╔══

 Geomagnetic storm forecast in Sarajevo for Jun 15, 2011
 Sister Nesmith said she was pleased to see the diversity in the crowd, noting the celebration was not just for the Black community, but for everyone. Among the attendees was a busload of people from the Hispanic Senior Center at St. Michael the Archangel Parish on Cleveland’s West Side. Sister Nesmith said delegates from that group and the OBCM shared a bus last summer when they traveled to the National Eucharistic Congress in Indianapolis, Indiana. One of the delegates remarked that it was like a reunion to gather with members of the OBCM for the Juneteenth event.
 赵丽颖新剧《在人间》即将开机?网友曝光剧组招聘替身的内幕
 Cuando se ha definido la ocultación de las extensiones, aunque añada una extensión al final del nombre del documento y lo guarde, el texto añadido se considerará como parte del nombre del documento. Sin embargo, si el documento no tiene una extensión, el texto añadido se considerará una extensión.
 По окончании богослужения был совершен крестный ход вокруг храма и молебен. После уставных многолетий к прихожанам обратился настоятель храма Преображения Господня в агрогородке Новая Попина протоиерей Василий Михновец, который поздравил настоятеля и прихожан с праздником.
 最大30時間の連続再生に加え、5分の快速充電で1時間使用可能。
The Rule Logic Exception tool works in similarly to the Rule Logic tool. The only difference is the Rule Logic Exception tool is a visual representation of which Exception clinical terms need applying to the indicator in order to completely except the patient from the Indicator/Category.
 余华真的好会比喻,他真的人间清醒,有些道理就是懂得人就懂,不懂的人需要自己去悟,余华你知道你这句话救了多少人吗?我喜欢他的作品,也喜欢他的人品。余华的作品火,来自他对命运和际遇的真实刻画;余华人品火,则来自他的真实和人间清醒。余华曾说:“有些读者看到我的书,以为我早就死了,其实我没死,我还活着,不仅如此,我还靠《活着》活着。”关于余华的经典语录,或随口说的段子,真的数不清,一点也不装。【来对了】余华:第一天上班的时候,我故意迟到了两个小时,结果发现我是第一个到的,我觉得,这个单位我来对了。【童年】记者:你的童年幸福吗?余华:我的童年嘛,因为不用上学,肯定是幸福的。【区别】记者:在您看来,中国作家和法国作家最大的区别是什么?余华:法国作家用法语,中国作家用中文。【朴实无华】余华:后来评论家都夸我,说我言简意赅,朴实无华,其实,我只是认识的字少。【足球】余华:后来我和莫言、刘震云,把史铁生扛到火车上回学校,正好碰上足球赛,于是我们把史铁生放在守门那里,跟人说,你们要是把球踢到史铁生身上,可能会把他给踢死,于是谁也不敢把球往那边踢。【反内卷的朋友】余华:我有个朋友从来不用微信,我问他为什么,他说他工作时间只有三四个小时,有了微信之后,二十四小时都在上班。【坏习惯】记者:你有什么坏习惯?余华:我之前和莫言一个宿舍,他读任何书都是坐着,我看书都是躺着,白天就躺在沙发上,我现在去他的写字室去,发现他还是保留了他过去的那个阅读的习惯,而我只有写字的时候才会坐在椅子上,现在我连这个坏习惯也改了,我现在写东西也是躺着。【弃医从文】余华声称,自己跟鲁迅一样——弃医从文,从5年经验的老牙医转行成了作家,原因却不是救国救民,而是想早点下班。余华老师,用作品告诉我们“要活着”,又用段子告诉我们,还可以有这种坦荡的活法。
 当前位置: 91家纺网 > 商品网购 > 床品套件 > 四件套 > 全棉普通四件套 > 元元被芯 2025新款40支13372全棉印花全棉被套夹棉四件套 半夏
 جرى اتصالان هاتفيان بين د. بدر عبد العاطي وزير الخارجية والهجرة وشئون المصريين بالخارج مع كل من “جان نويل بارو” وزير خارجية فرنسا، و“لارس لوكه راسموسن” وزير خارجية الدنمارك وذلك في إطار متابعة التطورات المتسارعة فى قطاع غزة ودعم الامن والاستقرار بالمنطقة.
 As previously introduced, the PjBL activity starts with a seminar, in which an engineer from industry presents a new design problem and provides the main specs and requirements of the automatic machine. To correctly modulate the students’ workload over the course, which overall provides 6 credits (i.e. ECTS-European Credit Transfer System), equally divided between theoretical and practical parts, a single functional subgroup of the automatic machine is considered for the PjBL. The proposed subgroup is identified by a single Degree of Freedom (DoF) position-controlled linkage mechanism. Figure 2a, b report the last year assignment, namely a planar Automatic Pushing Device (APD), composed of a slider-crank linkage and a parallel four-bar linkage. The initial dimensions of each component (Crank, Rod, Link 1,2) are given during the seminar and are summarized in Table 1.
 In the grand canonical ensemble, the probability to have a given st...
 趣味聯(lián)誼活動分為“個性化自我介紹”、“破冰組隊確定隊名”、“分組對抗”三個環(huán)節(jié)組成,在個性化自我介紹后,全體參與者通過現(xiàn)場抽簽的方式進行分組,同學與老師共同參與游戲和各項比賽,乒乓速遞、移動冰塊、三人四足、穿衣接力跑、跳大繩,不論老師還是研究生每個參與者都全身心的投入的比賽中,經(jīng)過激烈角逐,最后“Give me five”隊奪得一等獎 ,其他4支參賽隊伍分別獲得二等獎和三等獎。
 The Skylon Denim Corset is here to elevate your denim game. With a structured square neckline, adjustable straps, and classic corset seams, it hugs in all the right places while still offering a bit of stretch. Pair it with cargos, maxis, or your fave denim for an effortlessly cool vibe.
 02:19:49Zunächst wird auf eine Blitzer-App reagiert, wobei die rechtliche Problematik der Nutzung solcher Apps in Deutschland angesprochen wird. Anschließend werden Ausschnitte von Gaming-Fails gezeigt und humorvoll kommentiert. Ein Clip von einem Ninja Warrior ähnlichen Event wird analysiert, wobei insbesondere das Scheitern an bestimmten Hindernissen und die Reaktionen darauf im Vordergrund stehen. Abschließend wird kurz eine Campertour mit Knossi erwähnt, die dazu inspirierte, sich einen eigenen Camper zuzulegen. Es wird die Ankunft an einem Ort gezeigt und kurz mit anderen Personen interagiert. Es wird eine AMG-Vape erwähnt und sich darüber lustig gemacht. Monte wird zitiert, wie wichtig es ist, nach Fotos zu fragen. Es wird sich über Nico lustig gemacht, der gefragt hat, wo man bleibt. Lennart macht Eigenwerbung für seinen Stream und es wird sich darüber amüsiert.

╚══

▶ **YOUR TASK**:
The answer should contain only the lines from the first line of the entries through the line holding "赵丽颖新剧《在人间》即将开机?网友曝光剧组招聘替身的内幕", each exactly as written.

▶ **SOLVED EXERCISE**:
 Geomagnetic storm forecast in Sarajevo for Jun 15, 2011
 Sister Nesmith said she was pleased to see the diversity in the crowd, noting the celebration was not just for the Black community, but for everyone. Among the attendees was a busload of people from the Hispanic Senior Center at St. Michael the Archangel Parish on Cleveland’s West Side. Sister Nesmith said delegates from that group and the OBCM shared a bus last summer when they traveled to the National Eucharistic Congress in Indianapolis, Indiana. One of the delegates remarked that it was like a reunion to gather with members of the OBCM for the Juneteenth event.
 赵丽颖新剧《在人间》即将开机?网友曝光剧组招聘替身的内幕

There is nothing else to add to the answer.